December 3, 2024

Inferring language dispersal patterns with velocity field estimation

Yang et al. (2024) introduce the Language Velocity Field (LVF) estimation as a novel computational approach to model language dispersal patterns without relying on phylogenetic trees. This method incorporates horizontal contact such as borrowing and areal diffusion, addressing the limitations of traditional phylogeographic approaches that focus solely on vertical divergence. The LVF creates velocity fields to represent the spatiotemporal dynamics of linguistic evolution and dispersal.

The study validates LVF's effectiveness and robustness through simulations and applies it to four major agricultural language families: Indo-European, Sino-Tibetan, Bantu, and Arawak. The inferred dispersal trajectories align with known migration patterns derived from genetic and archaeological evidence. For instance, the Indo-European dispersal is traced to the Fertile Crescent, supporting the Anatolia hypothesis, while Sino-Tibetan languages are linked to the upper Yellow River plains, corroborating the Northern origin hypothesis.

By accommodating both vertical and horizontal linguistic changes, LVF provides a more comprehensive representation of language evolution. The approach is particularly advantageous for analyzing language families where traditional tree-based models fail to account for complexities like convergence and contact-induced changes. LVF also demonstrates flexibility across diverse linguistic datasets and scenarios.

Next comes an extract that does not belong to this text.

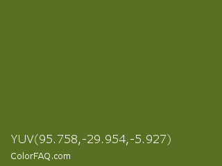 YUV 95.758,-29.954,-5.927 Color is a dark lime color and the nearest color is Fern Frond #657220. Hex code #596f23 and RGB value is rgb(89,111,35). In RGB color space, this color is composed of 35% red, 44% green, 14% blue, In CMYK color space, this color is composed of 20% cyan, 0% magenta, 68% yellow , 56% black , In HSL color space, this color has a hue angle of 77° , 52% saturation and 29% lightness.

This study highlights LVF's potential as a powerful tool for reconstructing language dispersal patterns and fostering interdisciplinary research into human history, encompassing linguistics, genetics, and archaeology.

Yang et al. (2024) [Z25]

The freshwater reservoir effect in radiocarbon dating

Philippsen (2013) explores the freshwater reservoir effect (FRE) in radiocarbon dating, which can yield anomalously old ages for samples from freshwater systems. The study highlights that the FRE occurs due to dissolved ancient carbonates, commonly termed the "hardwater effect," and is less acknowledged than the marine reservoir effect despite being equally significant.

Analyzing samples from Northern Germany's Alster and Trave rivers, the study finds age discrepancies of up to 2,000 radiocarbon years within a single river system. Archaeological evidence from Mesolithic pottery suggests that FRE significantly influenced the dating of early inland sites. In estuarine environments, such as Denmark's Limfjord, FRE varied between 250 and 700 radiocarbon years during 5400 BC to AD 700, further complicating chronological reconstructions.

Philippsen underscores that FRE introduces substantial variability depending on local geology, hydrology, and environmental conditions. The study recommends integrating FRE corrections into radiocarbon dating, especially for samples from freshwater or mixed aquatic sources, to improve the accuracy of archaeological and environmental timelines.

Philippsen et al. (2013) [P16]

Mapache: A flexible pipeline to map ancient DNA

Neuenschwander et al. (2023) present Mapache, a robust and scalable bioinformatics pipeline designed for mapping and analyzing ancient and modern DNA data. Implemented in the workflow manager Snakemake, Mapache addresses challenges such as low DNA quality, contamination, and storage inefficiency. Its flexible configuration allows researchers to map sequencing reads to one or multiple reference genomes while efficiently managing intermediate files to minimize storage usage.

Mapache outperforms other tools like PALEOMIX and nf-core/eager by requiring significantly less storage and runtime. For example, it processes datasets with 167 million reads in 3.7 GB of storage compared to 44 GB for nf-core/eager. Its modular design supports optional imputation of low-coverage genomes using GLIMPSE, enhancing its versatility for ancient genome studies.

The pipeline generates comprehensive outputs, including BAM files, mapping statistics, and detailed reports with tables and graphs. Researchers can adapt Mapache to diverse computational infrastructures and analytical requirements by customizing parameters. Additionally, its ability to handle high-throughput datasets and cluster compatibility ensures scalability for large-scale projects.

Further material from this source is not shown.